Required Education Bachelor's
Other Requirements Communication skills; certification and experience may be required
Projected Job Growth (2014-2024)* 5% for human resource specialists
Median Salary (2015)* $58,350 annually for human resource specialists

Source: *U.S. Bureau of Labor Statistics.

Staffing Coordinator Job Description

A staffing coordinator's job duties may include creating job descriptions, reviewing resumes, identifying qualified applicants, scheduling interviews, finding appropriate job placements, and retaining valuable employees. These professionals must have a broad knowledge of the legal implications related to hiring, retention, and termination, including, but not limited to, Equal Employment Opportunity laws, employment contracts, and background investigations.

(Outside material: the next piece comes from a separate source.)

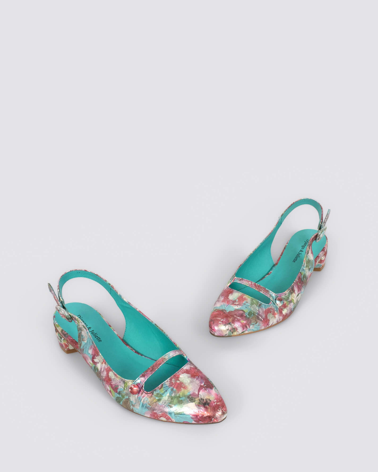 Franney in Aqua Red Metal by Django & Juliette adds a refined twist to the classic slingback flat, featuring premium leather, a 2.5cm heel and a buckled strap for effortless day-to-night wear. Pair with tailoring, midi skirts or cropped denim for instant sophistication.

Staffing coordinators must possess both effective written and interpersonal communications skills, since they will be working closely with job applicants, employees, and hiring managers to ensure that all policies and procedures are being followed. Additionally, they must be able to work well under pressure and have the capability to work discreetly with highly confidential information such as salaries and employment records.

Education and Training Requirements

The majority of staffing coordinators hold a bachelor's degree in human resource or a related field. Since not all colleges have a human resources degree program available, a student could major in business administration or communications, for example, while taking a heavy concentration of classes related to human resources.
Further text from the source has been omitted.